2 Introduction: Credibility, Models, and Parameters

2.1 Bayesian inference is reallocation of credibility across possibilities

To make Figure 2.1 we need data. We will create some synthetic data and store it in using DataFrames.jl

using DataFrames

function expand_grid(; iters...)
    var_names = collect(keys(iters))
    var_itr = [1:length(x) for x in iters.data]
    var_ix = vcat([collect(x)' for x in Iterators.product(var_itr...)]...)
    out = DataFrame()
    for i = 1:length(var_names)
        out[:,var_names[i]] = collect(iters[i])[var_ix[:,i]]
    end
    return out
end

d = expand_grid(iteration=1:3, Possibilities=["A", "B","C", "D"], stage = ["Prior", "Posterior"])

d2 =DataFrame(Credibility =[fill(.25,4); 0; fill(1/3,3); 0; fill(1/3,3);0;.5;0;0.5;0;.5;0;0.5;fill(0,3);1])

sort!(d, [:iteration])
d.Credibility = d2.Credibility

Here we are defining a function that creates combinations and then I just bind that we the Credibility values we will use for plotting.

We can take a look at the top few rows of the data with the first() function.

first(d,5)

5 rows × 4 columns

	iteration	Possibilities	stage	Credibility
	Int64	String	String	Float64
1	1	A	Prior	0.25
2	1	B	Prior	0.25
3	1	C	Prior	0.25
4	1	D	Prior	0.25
5	1	A	Posterior	0.0

Now lets plot our version of Figure 2.1. To do so, we will use the Gadfly.jl package.
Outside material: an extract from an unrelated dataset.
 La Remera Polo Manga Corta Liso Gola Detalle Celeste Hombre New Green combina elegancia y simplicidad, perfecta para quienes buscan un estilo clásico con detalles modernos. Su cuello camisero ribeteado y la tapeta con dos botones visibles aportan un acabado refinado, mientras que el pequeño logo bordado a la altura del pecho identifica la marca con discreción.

This is my preferred plotting package because it has similar syntax to ggplot2 package in R.

maybe add the annotation using something like below https://stackoverflow.com/questions/50925450/gadfly-julia-how-to-add-text-annotation-to-a-plot

2.1.1 Data are noisy and inferences are probabilistic.
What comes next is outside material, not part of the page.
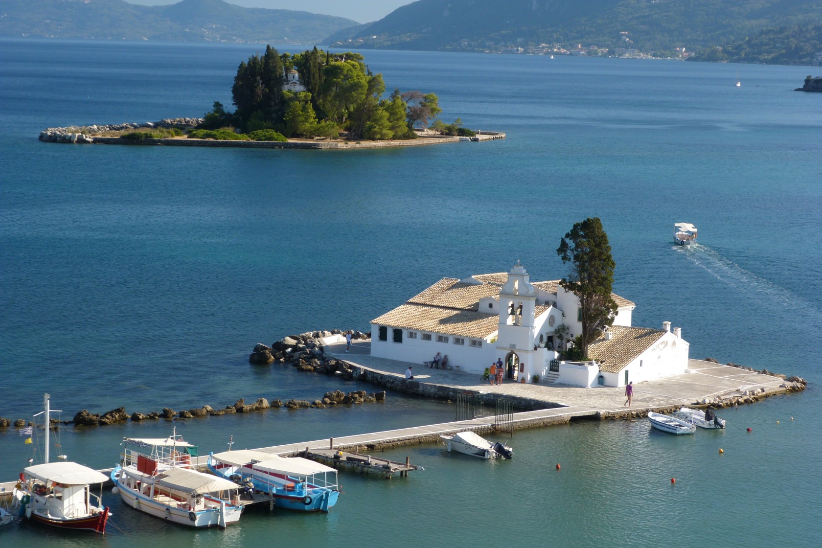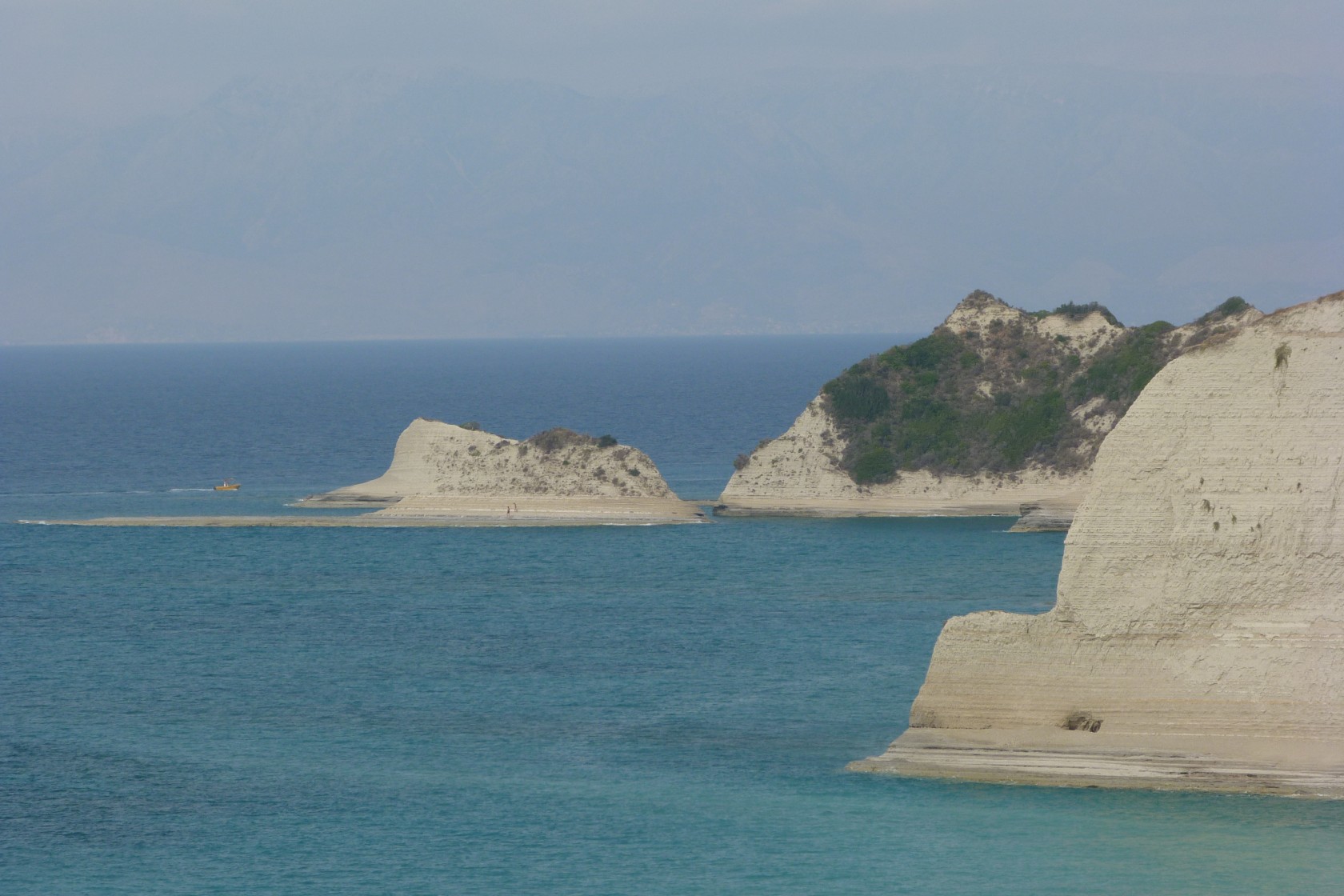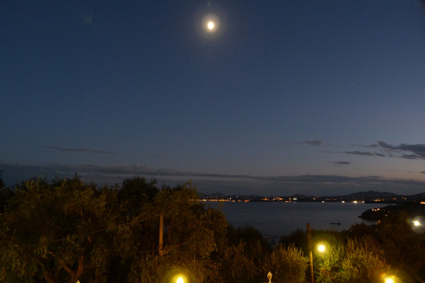 Die beiden Panoramafotos zeigen einen Blick auf Korfu-Stadt (oben) und auf das albanische / griechische Festland (unten).

The next plot will involve getting creating some Gaussian distributions. To do so, we will use the Distributions.jl package. Distribution allows create and extract information from a wide range of probability distributions. We will use this package a lot in subsequent chapter to draw samples to facilitate Bayesian inference. Note that I am ignoring the scaling issue apparent from the four distributions densities not being equal to one. Also to create the illusion of a discrete x axis, I will just show only the 4 values.

TODO: rescale the curves such that the density on the y axis for each curve sums to one.

using Gadfly
using Distributions
using DataFrames

set_default_plot_size(16cm, 18cm)

ticks = [1, 2, 3, 4] #specify the tick marks

#create some data for the bars
x5 = DataFrame(Possibilities = 1, Credibility = pdf(Normal(1, 1.2), 1))
x6 = DataFrame(Possibilities = 2, Credibility = pdf(Normal(2, 1.2), 2))
x7 = DataFrame(Possibilities = 3, Credibility = pdf(Normal(3, 1.2), 3))
x8 = DataFrame(Possibilities = 4, Credibility = pdf(Normal(4, 1.2), 4))
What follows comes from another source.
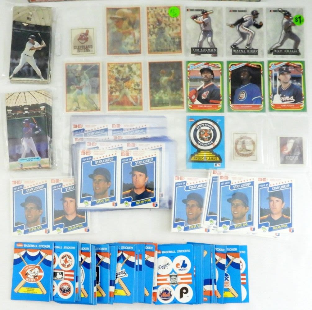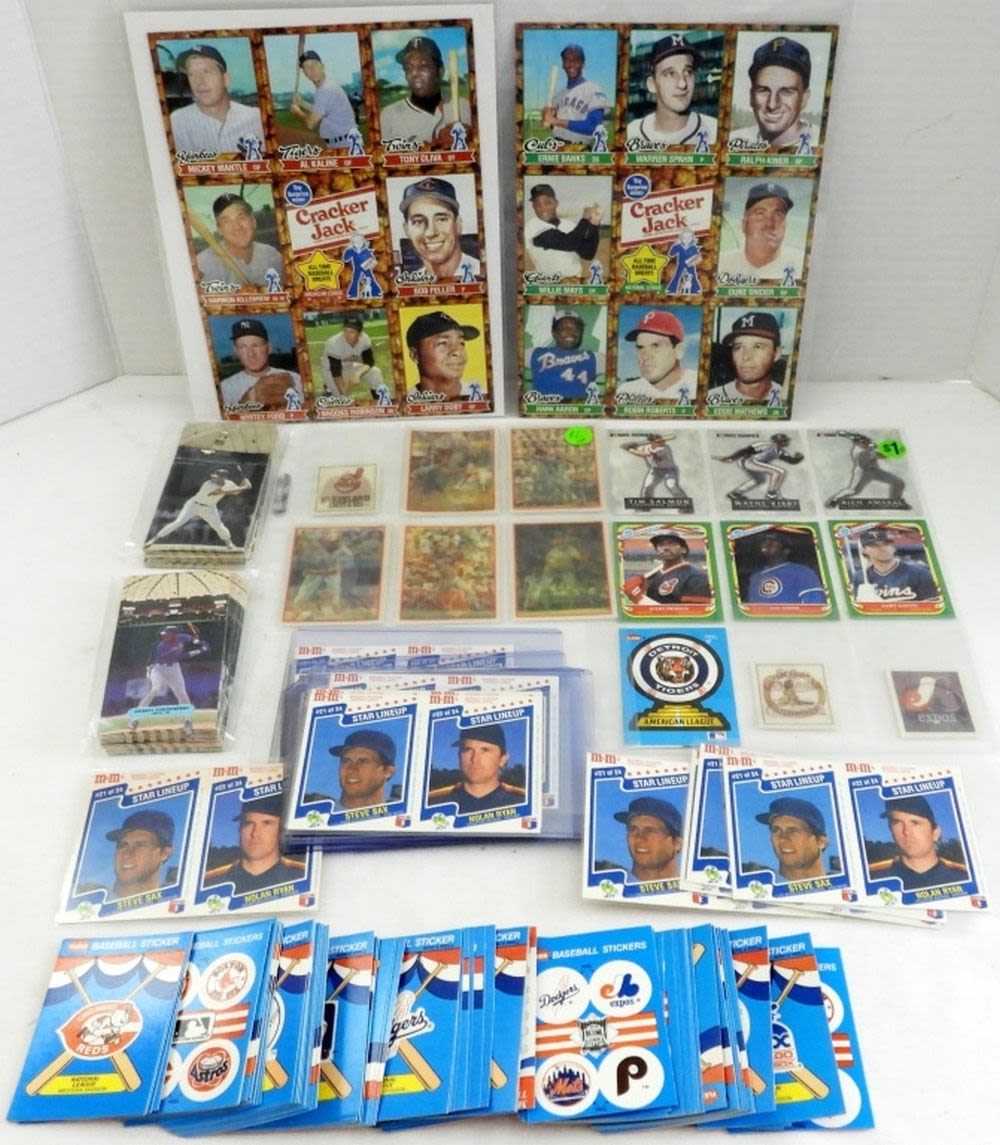 (16) 1987 M&M RYAN/SAX CARDS, (2) CRACKER JACK UNCUT SHEETS, POP-UP CARDS, STICKERS & MORE

plot(layer(x5, x = :Possibilities, y = :Credibility, Geom.bar(orientation = :vertical)),
    layer(x6, x = :Possibilities, y = :Credibility, Geom.bar(orientation = :vertical)),
    layer(x7, x = :Possibilities, y = :Credibility, Geom.bar(orientation = :vertical)),
    layer(x8, x = :Possibilities, y = :Credibility, Geom.bar(orientation = :vertical)),
    layer(x->pdf(Normal(1, 1.2), x), -6, 10, color=[colorant"black"], order=1),
    layer(x->pdf(Normal(2, 1.2), x), -6, 10, color=[colorant"black"],order=1),
    layer(x->pdf(Normal(3, 1.2), x), -6, 10, color=[colorant"black"],order=1),
    layer(x->pdf(Normal(4, 1.2), x), -6, 10, color=[colorant"black"],order=1),
    Guide.xticks(ticks=ticks),
    Guide.xlabel("Possibilities"),
    Guide.ylabel("Credibility"),
    Guide.title("Prior"),
     Theme(
        background_color = "white",
        grid_color = "white",
        bar_spacing = 1mm,
        key_position = :none
    ))

Now we can use the same method to create the bottom panel of Figure 2.3. Here I will just hide the y axis. What is important to note is just how the assignment of credibility changes based on our 3 observations (shown in red).

ticks = [1, 2, 3, 4] #specify the tick marks

#create some data for the bars
x5 = DataFrame(Possibilities = 1, Credibility = pdf(Normal(1, 8), 1))
x6 = DataFrame(Possibilities = 2, Credibility = pdf(Normal(2, 3), 2))
x7 = DataFrame(Possibilities = 3, Credibility = pdf(Normal(3, 5), 3))
x8 = DataFrame(Possibilities = 4, Credibility = pdf(Normal(4, 20), 4))
x9 = DataFrame(Possibilities = [1.75, 2.25, 2.75], Credibility = zeros(3))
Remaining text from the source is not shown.